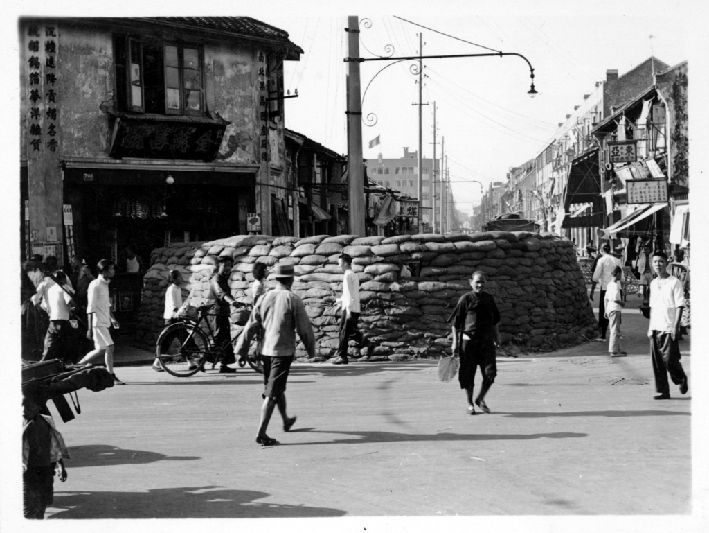 Keywords : war;defense;sandbag;shop;shop sign;pedestrian;bicycle;flag;clothing;dress
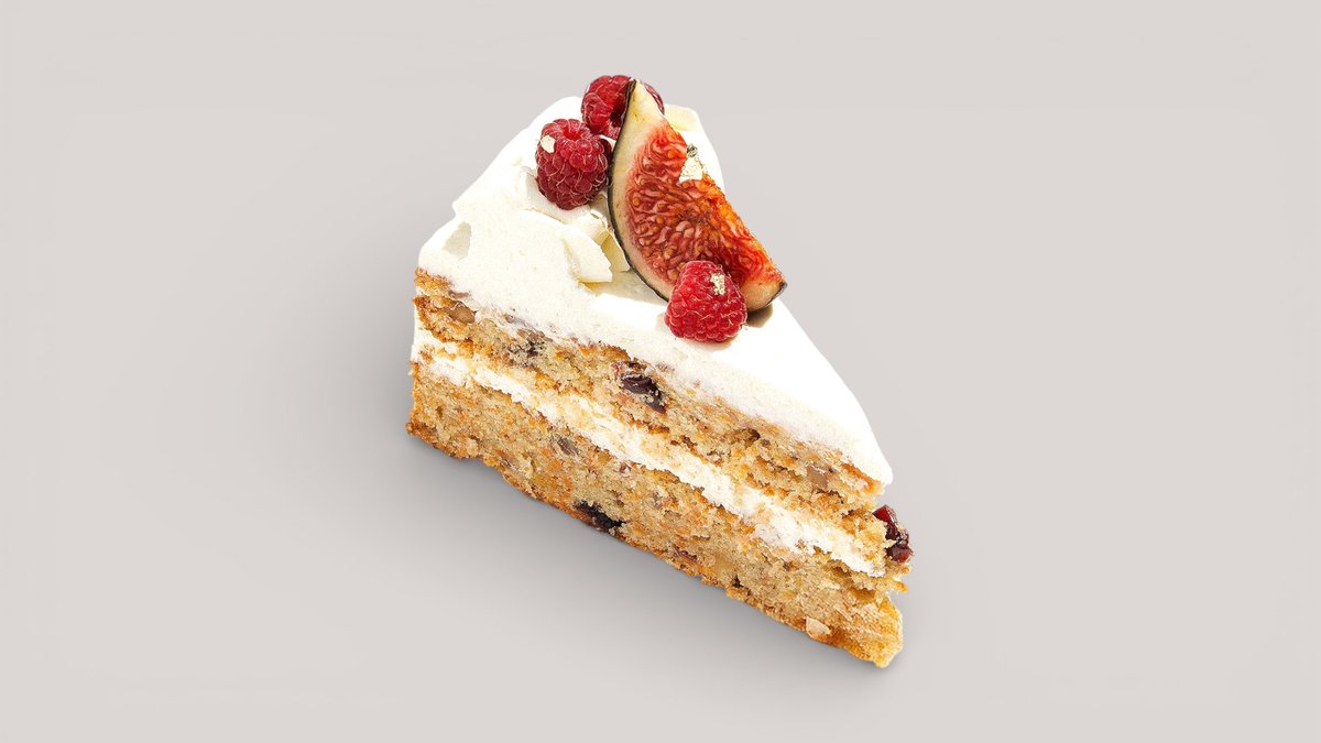 Морковный торт сочный морковный бисквит с пряностями и грецкими орехами, с апельсиновой пропиткой и сливочным крем-чизом *Некоторый ягоды для украшения могут отсутствовать или быть заменены на другие в связи с сезонностью*
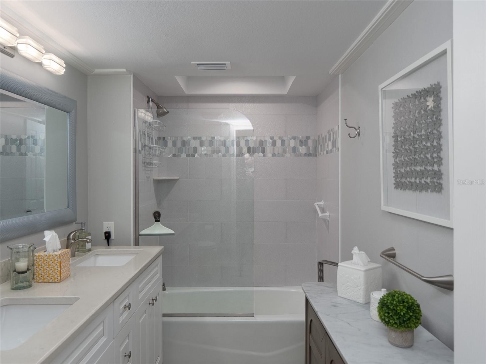 This Turnkey Furnished newly renovated two-bedroom, two-bath ground-floor condominium offers a thoughtfully designed open-concept layout with a desirable split-bedroom floor plan, ensuring privacy and comfort for both owners and guests. The spacious primary suite features dual oversized closets, a tastefully updated en-suite bath, and private sliding glass doors that open to the expansive screened lanai.
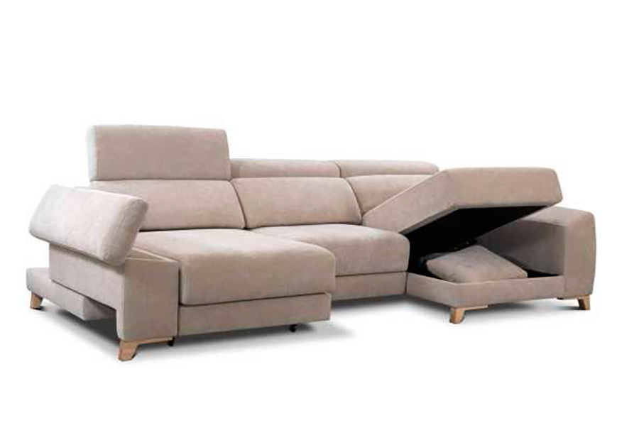 2 cojines de decoración en chaiselongue. Brazo módulo deslizante y con arcón, patas de madera natural (10cm), chaiselongue con arcón.

YOUR GOAL:
From the first line to the last, repeat the listing exactly and skip its images.

RESULT OF THE TASK:
 Keywords : war;defense;sandbag;shop;shop sign;pedestrian;bicycle;flag;clothing;dress
 Морковный торт сочный морковный бисквит с пряностями и грецкими орехами, с апельсиновой пропиткой и сливочным крем-чизом *Некоторый ягоды для украшения могут отсутствовать или быть заменены на другие в связи с сезонностью*
 This Turnkey Furnished newly renovated two-bedroom, two-bath ground-floor condominium offers a thoughtfully designed open-concept layout with a desirable split-bedroom floor plan, ensuring privacy and comfort for both owners and guests. The spacious primary suite features dual oversized closets, a tastefully updated en-suite bath, and private sliding glass doors that open to the expansive screened lanai.
 2 cojines de decoración en chaiselongue. Brazo módulo deslizante y con arcón, patas de madera natural (10cm), chaiselongue con arcón.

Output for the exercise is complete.